La problématique posée par l’évaluation de la compétence de communication en
langues étrangères, en particulier la définition de nouveaux critères dits
« pragmatiques », va nous permettre de rendre (un peu) compte des multiples
formes que prend notre quête de la rationalisation du « chaos » et de la difficulté à
stabiliser un objet scientifique.
Tout le monde s’entend pour dire que D. Hymes est à l’origine de la remise en
question, en 1972, du concept de «compétence» de Chomsky, estimant que le
postulat d’un locuteur-auditeur idéal ne permet pas d’analyser la compétence dans
une vision globale et sociale de la communication et d’intégrer les variations
individuelles et situationnelles. Il propose de reprendre le concept chomskyen
« compétence/performance » et de l’élargir à la notion plus englobante et unifiante
de « compétence de communication ». Hymes souhaite ainsi s’intéresser à l’acteur
social réel et aux systèmes de règles qui régissent toute communication langagière.
Voyons comment les linguistes travaillent ce nouvel objet. Certains linguistes
prennent conscience que l’objet de la linguistique n’est pas simplement de rendre
compte de la « compétence linguistique/grammaticale », qui serait universelle et
virtuelle, et qui caractériserait la faculté de langage, mais également de décrire les
compétences effectives mises en œuvre par des sujets sociaux réels. On affirme
ainsi (par exemple F. Flahault, 1978) que l’acquisition d’un ensemble de règles, d’un
code, n’est pas une condition suffisante pour interpréter un message, pour faire
sens. Or ce dont on a besoin c’est une conception de la parole et de l’acteur social.
Cette critique estime qu’il ne saurait y avoir de règles ou de conventions préétablies,
règles qui s’imposeraient de l’extérieur à l’individu. La communication n’est pas la
simple exécution d’un code et d’un jeu de règles sociales prêts à l’emploi. C’est au
contraire une mise en oeuvre chaque fois originale de ressources et de capacités
cognitives pour des interactions sociales. Cet élargissement permet également de
poser le traitement du langage comme un double processus de production et
d’interprétation. Certains linguistes vont ainsi s’intéresser à la « machine
interprétative » (Kerbrat-Orecchioni, 1986). D’autres vont tenter de mettre en
évidence les opérations d’énonciation. De nouvelles approches linguistiques
explorent de diverses façons ce nouveau questionnement : citons les linguistiques du
discours, de l’énonciation, de l’acquisition, de l’interaction et de la pragmatique. La
définition de la compétence langagière est l’une des conséquences de cette
(r)évolution épistémologique. On se contentera d’illustrer ce point par deux
exemples.
Faut-il dire les évidences : décrire la « machine interprétative » est d’une grande
complexité et suppose des approches multiples. Ces recherches (et bien d’autres)
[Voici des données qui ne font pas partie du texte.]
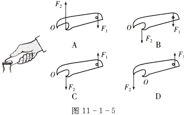 9. 如图 11-1-5 所示,图中能正确表示开瓶盖时,杠杆的支点、动力和阻力的是( )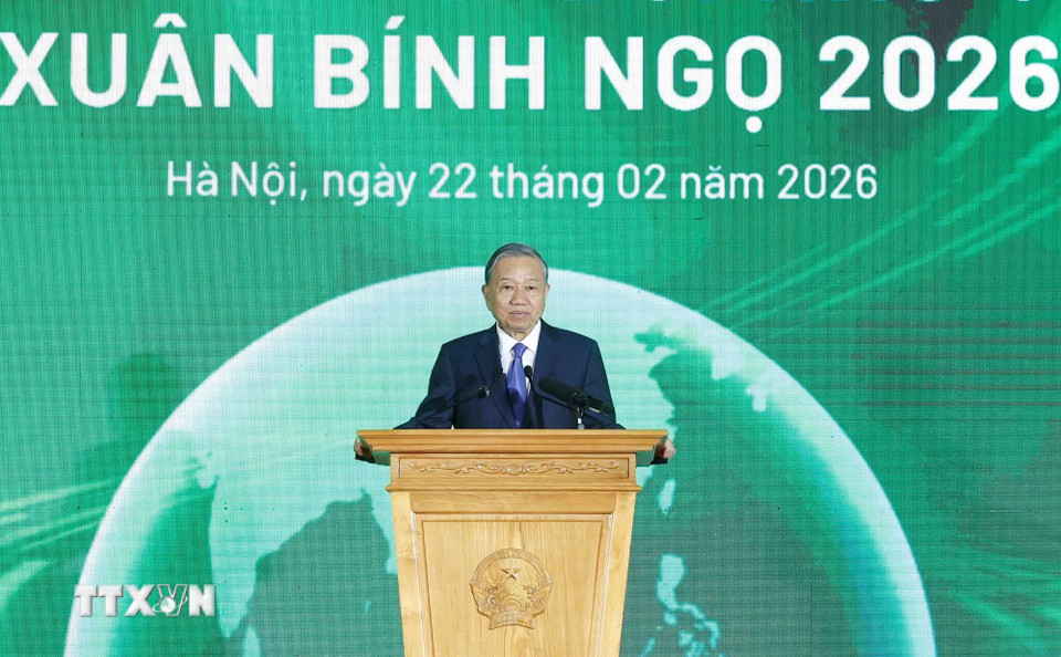 Tổng Bí thư Tô Lâm phát biểu chỉ đạo và phát động “Tết trồng cây đời đời nhớ ơn Bác Hồ” Xuân Bính Ngọ 2026. (Ảnh: Thống Nhất/TTXVN)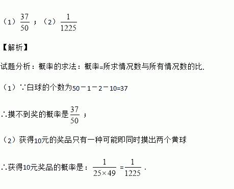 £¨1£©£»£¨2£© ¡¾½âÎö¡¿ ÊÔÌâ·ÖÎö£º¸ÅÂʵÄÇ󷨣º¸ÅÂÊ=ËùÇóÇé¿öÊýÓëËùÓÐÇé¿öÊýµÄ±È. £¨1£©¡ß°×ÇòµÄ¸öÊýΪ50£1£2£10=37 ¡àÃþ²»µ½½±µÄ¸ÅÂÊÊÇ£» £¨2£©»ñµÃ10ÔªµÄ½±Æ·Ö»ÓÐÒ»ÖÖ¿ÉÄܼ´Í¬Ê±Ãþ³öÁ½¸ö»ÆÇò ¡à»ñµÃ10Ôª½±Æ·µÄ¸ÅÂÊÊÇ£º=.

ont permis d’intégrer de nouvelles notions mais aussi de nouvelles méthodes issues
des linguistiques du discours, de l’énonciation, de l’interaction. Ces nouvelles
linguistiques étaient initialement considérées comme secondaires et mineures.
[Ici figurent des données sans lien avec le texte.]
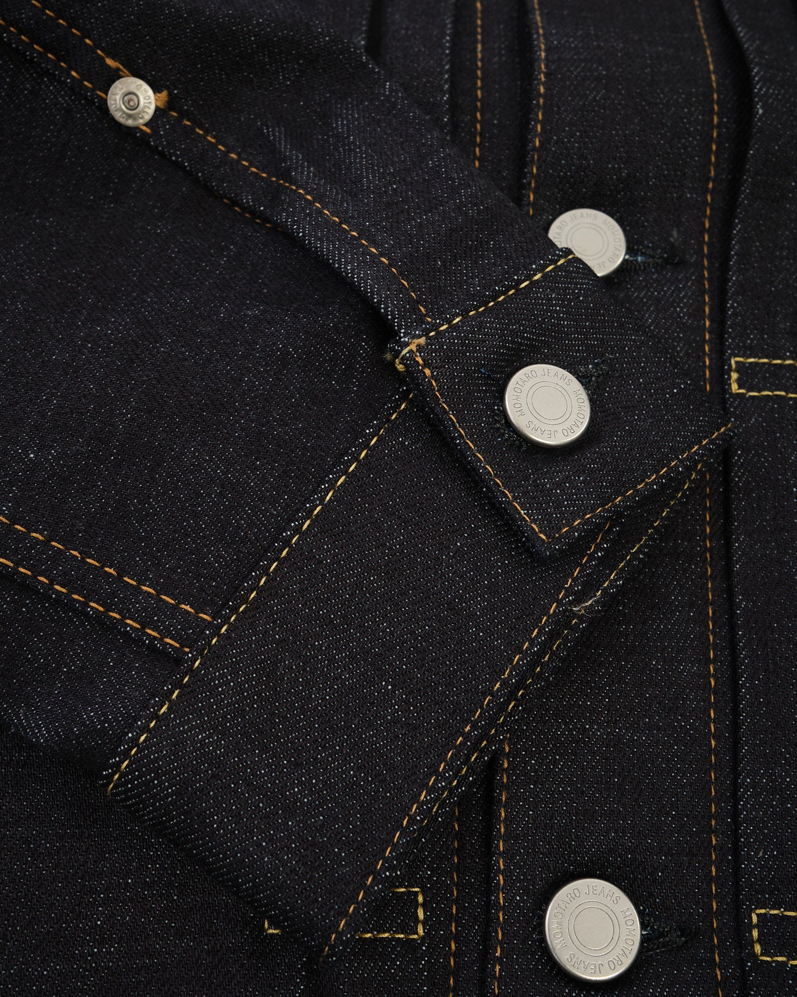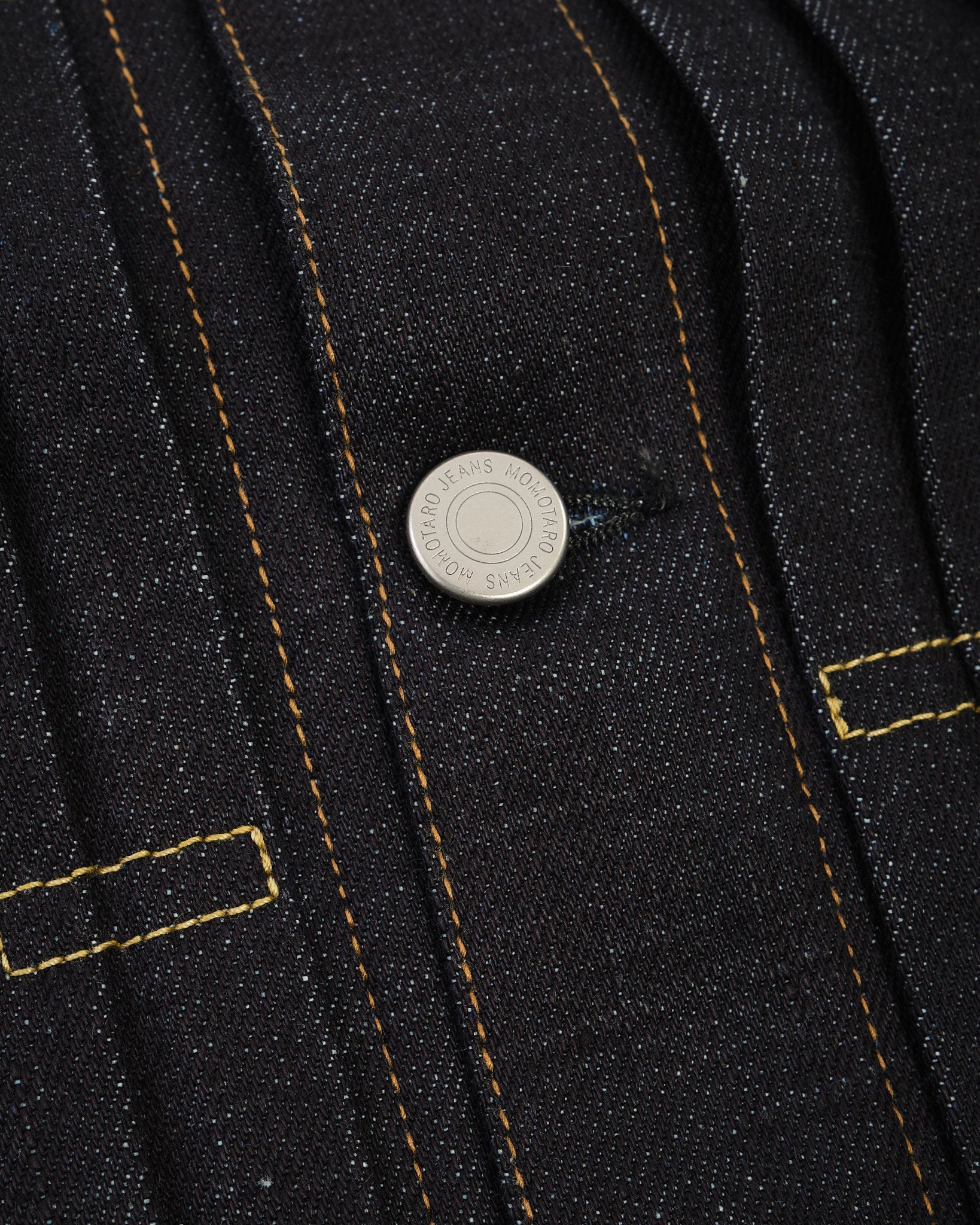 La veste en jean #002 en denim Tokuno Blue de 14,7 oz par Momotaro est une version raffinée d'une silhouette classique, fabriquée à partir d'un denim rigide et non lavé tissé à partir de 100% de coton du Zimbabwe. Teinte dans la signature de la marque 特濃 Tokuno Blue, ce tissu offre une tonalité indigo profondément frappante et une texture sergé qui évoluera magnifiquement avec l'usure. La coupe est propre et équilibrée, présentant une largeur de corps détendue et une longueur modérée pour le confort sans volume. Des poches latérales fonctionnelles améliorent l'utilité quotidienne, tandis que le motif de la veste est taillé pour un mouvement gracieux et une silhouette nette. Traitée pour réduire le rétrécissement après lavage, cette pièce non lavée offre une pureté classique du denim avec une mise à jour moderne réfléchie.

D’aucuns affirment qu’elles constituent maintenant les seules approches innovantes
pour la linguistique, c’est-à-dire que la pragmatique a remplacé la linguistique.
J’ai montré (Springer, 1996) les convergences d’analyse qui existent entre la
didactique des langues et la formation professionnelle. Les tentatives de définition de
la compétence professionnelle sont nombreuses. Le Boterf (1994) explique utilement
que
Décrire la compétence ne peut se limiter à établir une liste de connaissances
ou de savoir-faire ni même à constater leur application. La compétence peut
être comparée à un acte d’énonciation qui ne peut être compris sans
référence au sujet qui l’émet, ni au contexte dans lequel il se situe.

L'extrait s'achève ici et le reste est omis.